Wednesday, April 30, 2014

An e-mail from God



We were talking in Bible Study how it would be nice if discerning God's will was simple. I even suggested how cool it would be if God sent us an e-mail every morning telling us exactly what we should do. Then I thought how scary that would be. I imagine mine would look something like this:
Good morning Terry, I love you so much.
Today I would like you to visit that lady who rubs you the wrong way and in that visit I would like you to be loving, kind and compassionate to her. 
I would like you to stop being judgmental towards that person you view as judgmental.
Stop getting so angry at people because they don't use their turn signals or because they're driving slower than you would like.
You know that friend you complained about losing, work hard at reconciling that relationship. I know you have every right to be hurt, but reconcile it anyway.
Get your nose out of the books and find someone and brighten their day.
And remember everyone you encounter is hurting in some way, be kind to all you encounter.
Live your life abundantly today with love as your driving force.
Have a great day my child.
God

Monday, April 7, 2014

Noah Movie


I finally got to see Noah after reading at least one hundred reviews and posts about it. I didn't want to form an opinion before seeing it myself. What I read was all over the place from "best movie" to "absolutely hated it". 

I thought it was really good. There was some amazing imagery, symbolism and paradox. Some things that really stood out for me:
* The struggle for Noah to interpret and discern God's will. Those who thought he was a lunatic, did you also think Abraham was a lunatic? In my opinion as someone who daily struggles with what God wants me to do I can relate to Noah who was doing it on an unimaginable scale.
* Tubal-cain sharing the animal flesh with Ham was eeirly similar to Eve sharing the forbidden fruit with Adam. Choosing selfish pride over God.
* Noah hovering over the twins with a knife screamed Abraham and Isaac
* Ila's conversation with Noah after they made land was redemptive. He chose you to make the right choice and you chose "mercy and love". Breath taking!
* I had read over and over how it doesn't mention God. Well that was not true. They call God: "Creator" over and over again and if you don't think "Creator" is a title for God, well… They also use the masculine pronoun for God time and time again. In case you're still angry they didn't use the name God, I advice you to give the Old Testament a more thorough read.

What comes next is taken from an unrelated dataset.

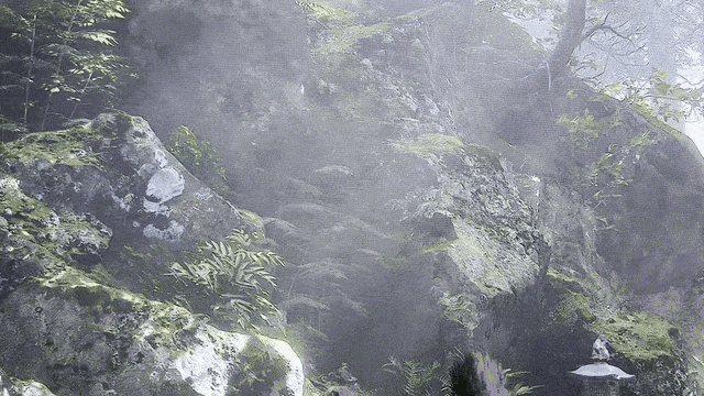 同じようなシーンをGeForce NOWのRTX 5080で試したもの。もやを通して見える木々のディテールがしっかり描かれている(画角が完全一致してないのは、撮影の合間にもデモ機を動かして確認する人が絶えなかったためである)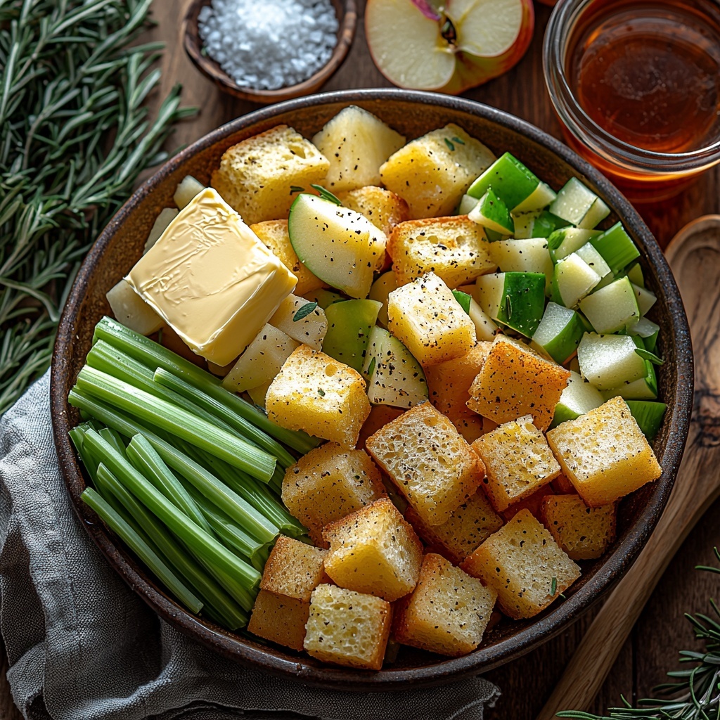 Gathering simple, wholesome ingredients is the key to creating a stuffing that’s bursting with flavor and texture. Each component plays its role: butter adds richness, apples bring a gentle sweetness and moisture, and the sage ties it all together with its aromatic charm.

My interpretation of Aronofsky's interpretation of the contemporary Biblical text (which is generations of translators and scribes interpretation of a story told around ancient Israelite's campfires) is this: Mankind, through selfishness and greed, destroyed the world. The Creator's flood wasn't meant to destroy, but redeem and give the created order another chance.

Anyways I'd like to see it again with a notepad and pen in hand because I think there was a lot of really cool things that I missed or have already forgotten.

One final thought, I know a lot of people got angry and said Noah was heartless for leaving Ham's woman in the trap and not saving her…hello! If Noah was heartless for that what was God in all of it!?

Friday, April 4, 2014

Walking Dead




Siddhārtha Gautama, Laozi, Jesus, Mohandas Karamchand Gandhi and almost every other wisdom teacher in-between said the same thing: human beings suffer from a dis-ease. Our lives are marked by suffering and grasping, anxiety and self-preoccupation, bondage and exile, blindness and convention, and feelings of unworthiness and insignificance. We are as Robert Kirkman defined: The Walking Dead. But all the great wisdom teachers also knew there was a cure. {Working on my Easter Sunday sermon}

Wednesday, April 2, 2014

Sadness



I think I am going to have to make blogging a spiritual discipline and then maybe, maybe I would blog as much as I would like to. Instead I have an idea, I think about it, I form a blog post in my head and then I go to sleep and forget everything!

Anyways…

I've been sad a lot lately. I've even cried a lot lately. And I don't think it is a bad thing—as matter of fact I think it is an indicator of my growth in grace and Christlikeness. You see it isn't things like the Lions losing or my motorcycle not running like I want it to that has been making me sad. It is the way people treat each other and creation that has been making me sad. When I see people being abused or oppressed I want to cry. When I see creation being abused and pillaged I want to cry. I'm developing a tender heart (as my friend Joe Skillen would call it). I think Jesus is sad when he sees how we treat others and the world around us. I think God grieves when we use the things we should be enjoying as pawns to manipulate others. I think the Holy Spirit groans when we use our talents to pursue power. 

But then I see something like the little video (see below) on Facebook this morning and I weep—not tears of sadness, but tears of joy! I'm reminded that we are created Imago Dei and no matter how much darkness is heaped on that, the image of God can still shine through—and brightly at times!